After workflow repaired task is executed two times
astelmashenko opened this issue · 2 comments
Describe the bug
We notices that task is executed twice sometimes. After we enabled debug logs we found out that after WorkflowRepairService re-queued task for some reason the task was exeucted two times:
INFO 2022-07-04T07:56:38,583 147034 com.netflix.conductor.core.reconciliation.WorkflowRepairService [sweeper-thread-1] Task 425d9c94-dc30-441b-b21b-73ccc5118829 in workflow d6e20f06-c884-4c25-81a4-4a7c0eb3827e re-queued for repairs
DEBUG 2022-07-04T07:56:42,994 151445 com.netflix.conductor.contribs.tasks.http.HttpTask [system-task-worker-1] Response: 200, {bills={partyAUTHOR={biId=5200737, status=OPEN}, partyUNIVERSITY={biId=5200740, status=OPEN}}}, task:425d9c94-dc30-441b-b21b-73ccc5118829
DEBUG 2022-07-04T07:56:42,994 151445 com.netflix.conductor.contribs.tasks.http.HttpTask [system-task-worker-0] Response: 200, {bills={partyAUTHOR={biId=5200738, status=OPEN}, partyUNIVERSITY={biId=5200739, status=OPEN}}}, task:425d9c94-dc30-441b-b21b-73ccc5118829
What does WorkflowRepairService do and do we need it at all? Why does it happen even when we have lock service?
Thanks.
Details
Conductor version: 3.7.2
Persistence implementation: Postgres
Queue implementation: Postgres
Lock: Redis
To Reproduce
This happens from time-to-time, we did not find steps to reproduce
Expected behavior
HTTP task must be executed only once.
The original issue was opened condcutor-community Netflix/conductor-community#70
But nobody responded in months
Hi @astelmashenko , WorkflowRepairs checks for the taskId before pushing anything into the queue. Are you using locks in your configuration? There is a high chance that workflow execution is not guarded by locks so the task may be picked up by two different threads.

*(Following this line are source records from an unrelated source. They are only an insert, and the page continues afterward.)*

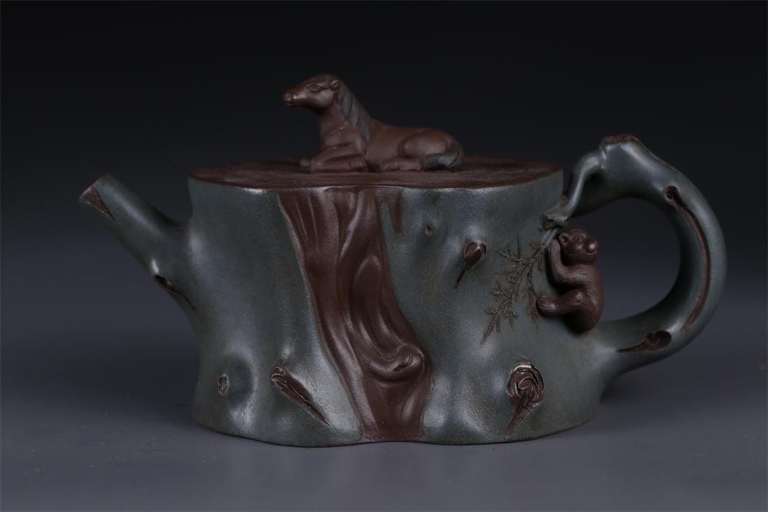 A STUMP SHAPED PURPLE CLAY TEAPOT.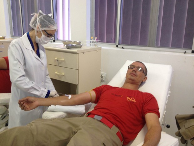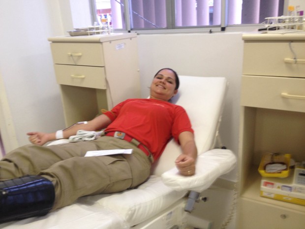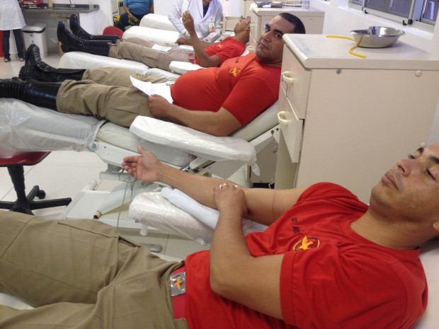 Bombeiros Militares do Estágio de Aperfeiçoamento de Sargentos, na manhã de quinta-feira, 13, participaram de campanha de doação de sangue no Hemocentro de Goiás. Os militares que foram voluntários dão o exemplo e tentam assim sensibilizar os goianos para a importância do ato.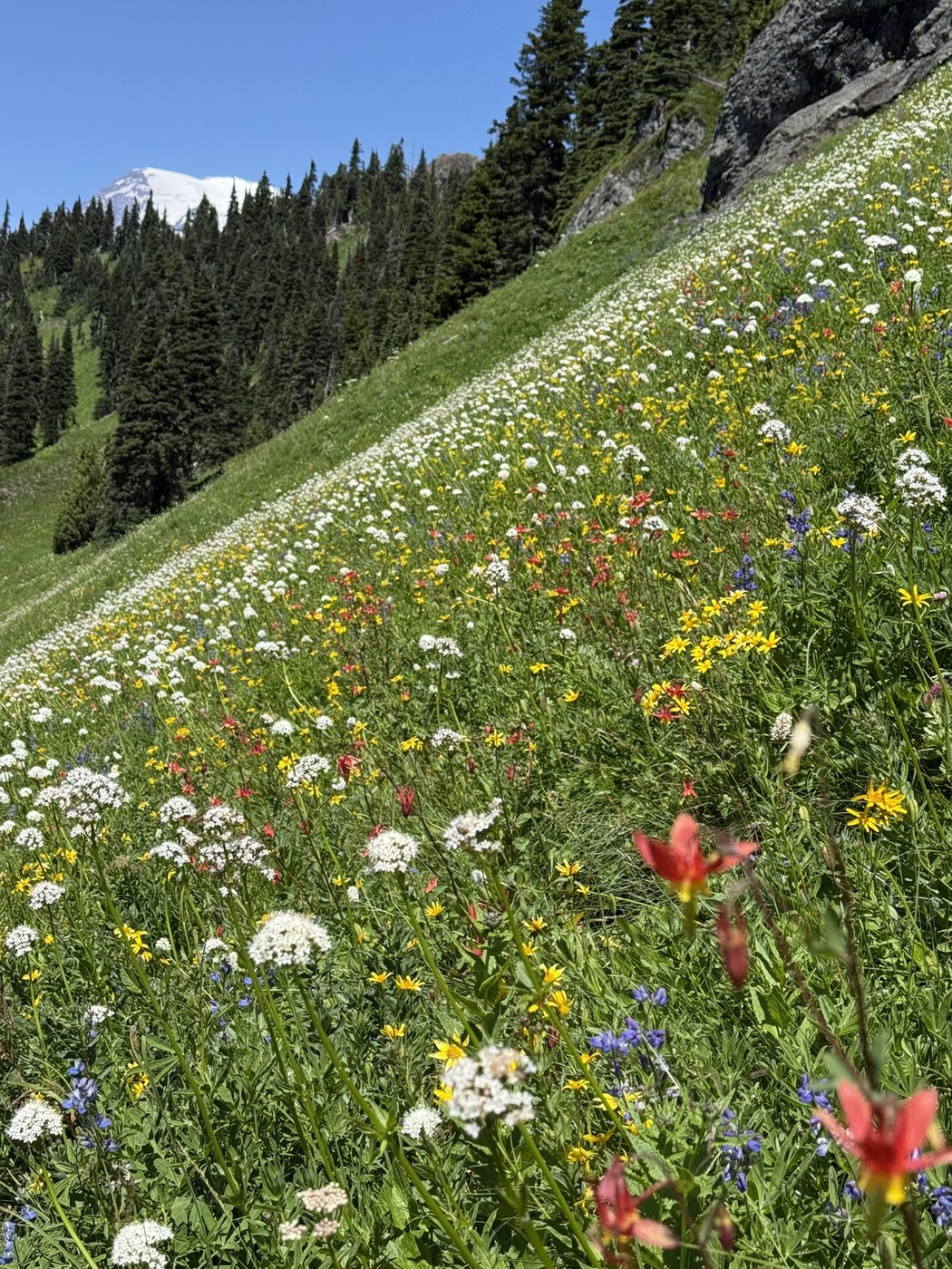 The wildflowers were pretty at Van Trump park but even better as you hiked up towards Mildred Point. Views are expansive from Van Trump and on the climb up to Mildred.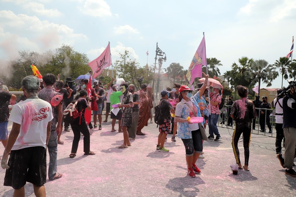 ม็อบทะลุฟ้า จัดกิจกรรมปาสีใส่ ประยุทธ์ และ ครม. อ่านแถลงการณ์ 3 ข้อเรียกร้อง ปล่อยเพื่อนเรา-บิ๊กตู่ ต้องลาออก ตำรวจควบคุมฝูงชน วางกำลังเข้ม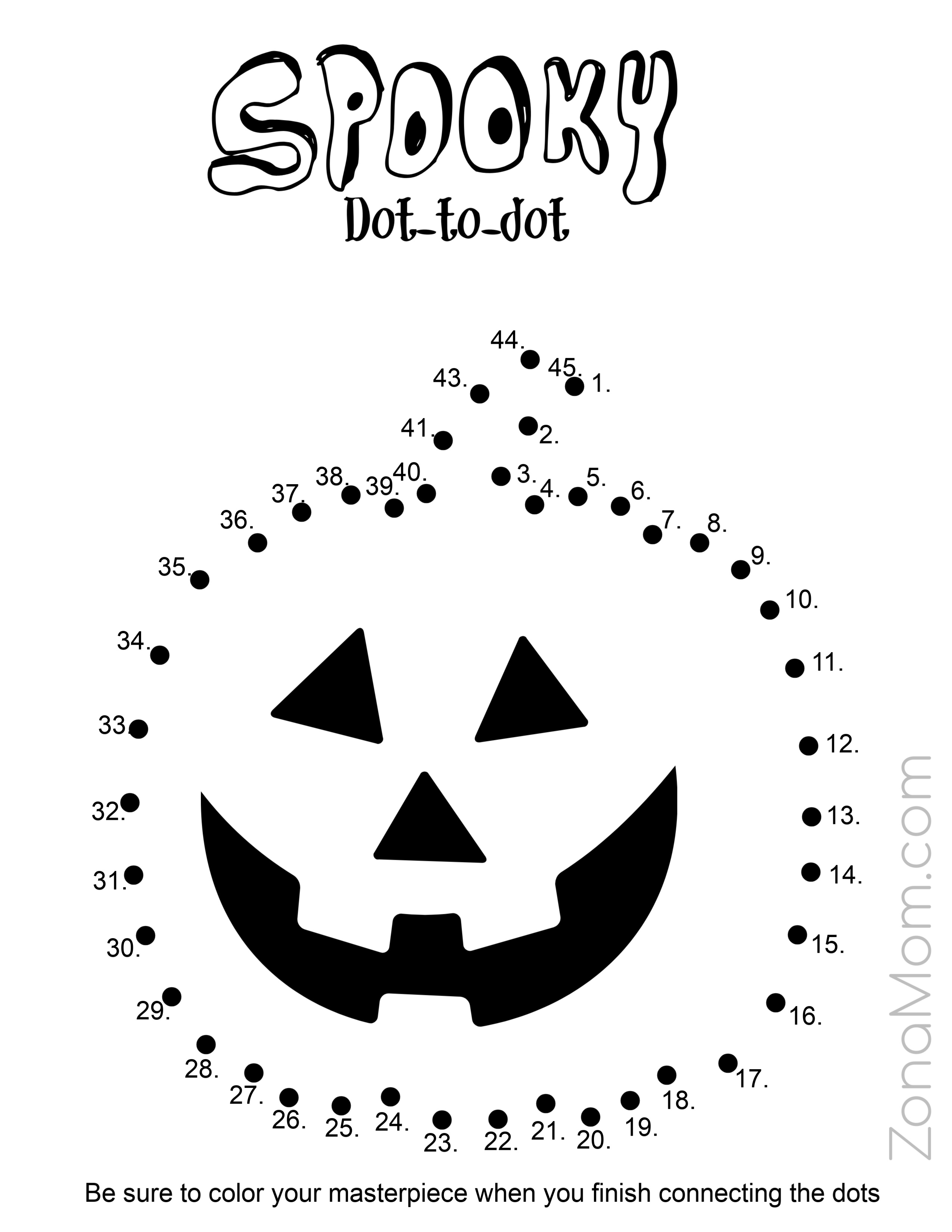 Dot-to-dots have always been a favorite of mine. This pumpkin dot-to-dot is good for kindergarteners and up.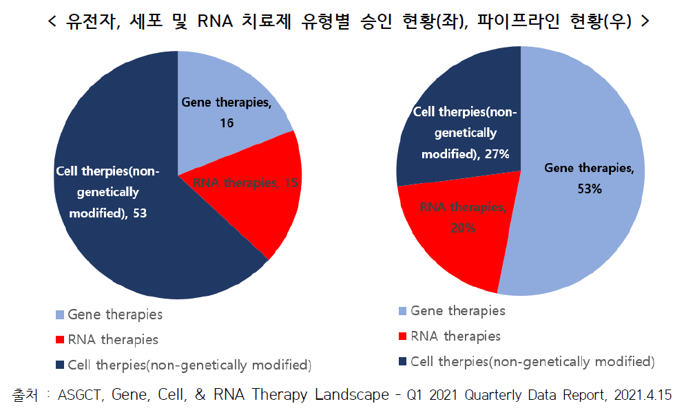 ½ÇÁ¦ 2021³â 1ºÐ±â ±âÁØÀ¸·Î 3474°³ ÆÄÀÌÇÁ¶óÀÎ Áß À¯ÀüÀÚÄ¡·áÁ¦ ¶Ç´Â À¯ÀüÀÚ º¯Çü ¼¼Æ÷Ä¡·áÁ¦°¡ 53%¿¡ ´ÞÇÑ´Ù.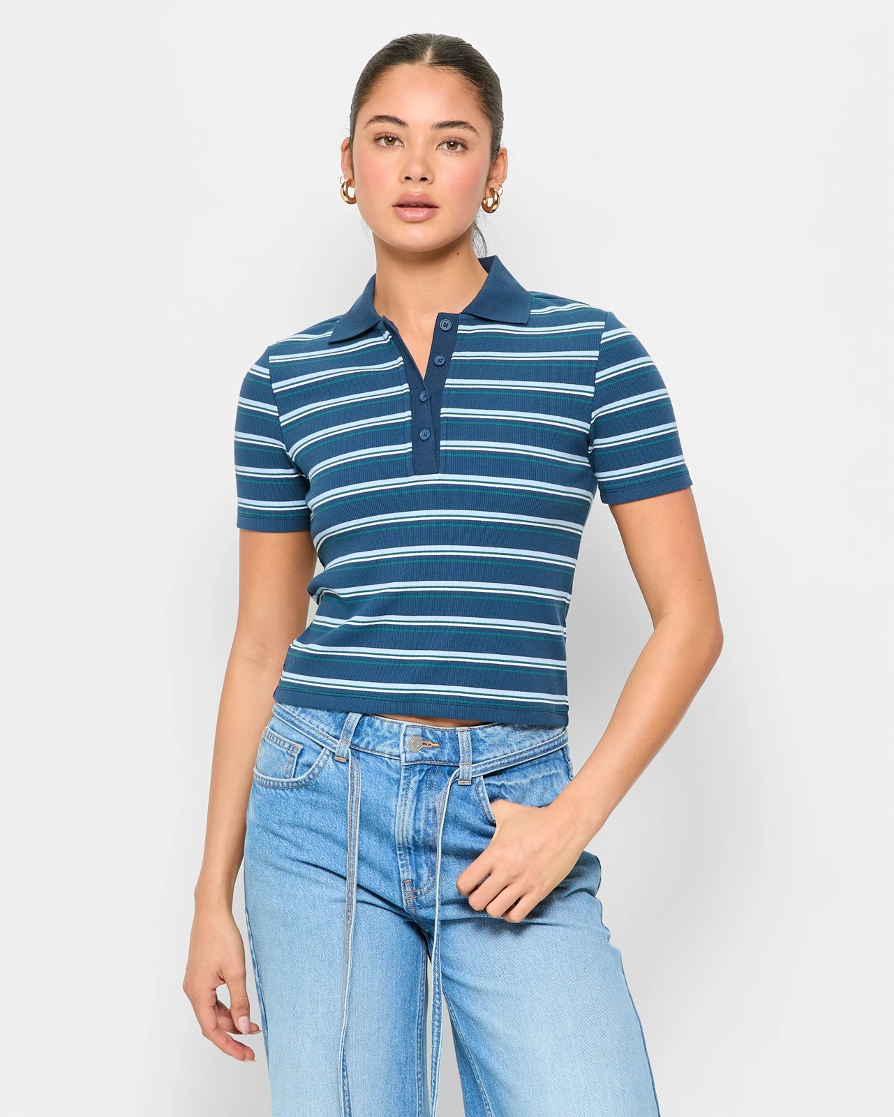 Enjoy relaxed comfort and timeless style with this Lily Loves Australian cotton knit polo top. Its velvety ribbed texture pairs with a hint of stretch, ensuring you feel at ease through your entire day. With vibrant stripes and a rounded collar, this top offers a delightful twist on the familiar polo. The button-down front and short sleeves make it simple to wear for social occasions or while spending time with friends. Light and airy, it easily becomes your favourite choice to complement your personality and lifestyle. Give your wardrobe a refreshing touch now.

@manan164 , Yes we are using lock (Redis). What I have in mind is upgrade of conductor. E.g. we fixed something in our custom task and re-deploying conductor with thousands of workflows. How does it stop, e.g. stop decider firtst, wait for complete of all running tasks, stop connections and shutdown conductor.
The question: Is the process of shutdown deterministic, is there evidence that it shutdowns gracefully?